ATLANTA—Twenty months after stopping therapy, patients diagnosed with chronic lymphocytic leukemia (CLL) who were treated with the combination of ibrutinib plus venetoclax showed a marked difference in the rate of undetectable minimal residual disease when compared with patients treated with chlorambucil plus obinutuzumab in the GLOW trial, researchers reported here.
After 34.1 months of follow-up, 51.9% of patients on the ibrutinib-based treatment had achieved undetectable minimal residual disease in analysis of bone marrow compared with 17.1% of patients treated with the chlorambucil-based therapy (P<0.0001), reported Tahla Munir, MBBS, consultant hematologist at Leeds Teaching Hospitals NHS Trust in the United Kingdom.
The story was much the same when peripheral blood was analyzed using next generation sequencing, he said. The undetectable minimal residual disease was achieved by 54.7% of the patients on ibrutinib and in 39% of patients on chlorambucil (P=0.0259), he said in his oral presentation at the 63rd annual meeting of the American Society of Hematology.
In almost every subgroup category, undetectable minimal residual disease was significantly more likely in the ibrutinib arm of the trial, he said.
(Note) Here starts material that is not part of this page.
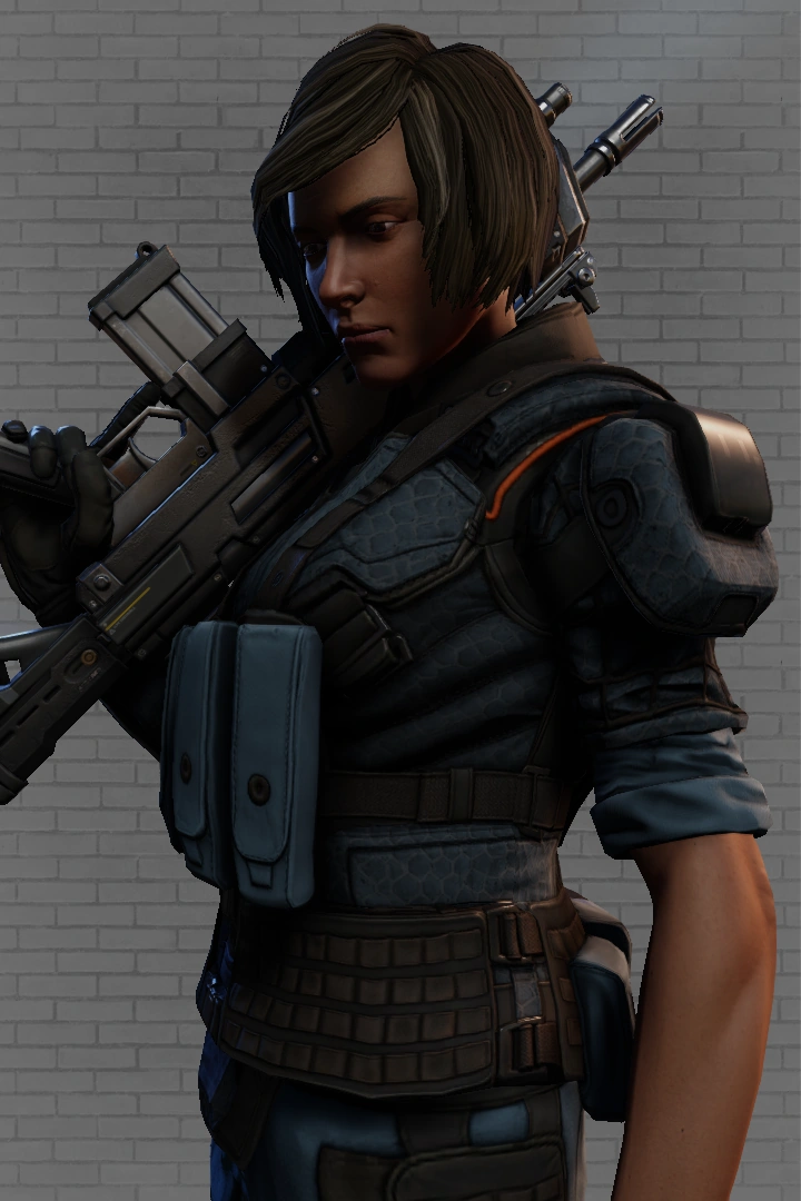 Cassandra’s quick intervention on the operating table saved Dyne’s life. As he recovered, Dyne explained that he’d deserted the UNSC and tried to make his own way in the galaxy before arriving on Talitsa. Dyne shared Cassandra's hatred of the Syndicate and their bloodstained corruption. Frustrated at the injustice he'd seen across the frontier Dyne wanted to do more than simply keep his head down and live an ordinary life. Despite his injuries, Dyne proved useful in a fight when a local street gang tried to rob the clinic. A bemused Cassandra watched Dyne don a surgical mask to hide his face and rush out into the streets to track down the gang's leader. Less than twenty-four hours later Talitsa's Syndicate network was in an uproar and Dyne returned to the clinic in a stolen exoskeleton. Having run a gamut of Syndicate conspiracies in the past day, Dyne announced his intention to fight the Syndicate as a vigilante called “the Renegade.” Cassandra found Dyne’s plan incredibly reckless—but his reckless idealism coupled with his shared role as a fellow Spartan deserter was a welcome change from Simon’s brutal cynicism. Cassandra took little convincing to agree to take part in Dyne’s crusade against the Syndicate.

A key difference, however, was that people 65 years of age or older did better with ibrutinib plus venetoclax, while those individuals in the study under age 65 did not show a statistically significant advantage with ibrutinib plus venetoclax, though it trended in favor of the dual targeted therapy regimen.
“An all oral, once daily, fixed duration treatment with ibrutinib plus venetoclax achieved deeper and better sustained undetectable minimal residual disease responses versus chlorambucil plus obinutuzumab as assessed by next generation sequencing,” Munir said.
He explained that the analysis was conducted because minimal residual disease status had been established as a predictive marker for progression-free survival in CLL following chemoimmunotherapy as well as for fixed-duration treatment with venetoclax and an anti-CD20 antibody. “To date, this relationship has not been explored for the combination of ibrutinib plus venetoclax,” he said.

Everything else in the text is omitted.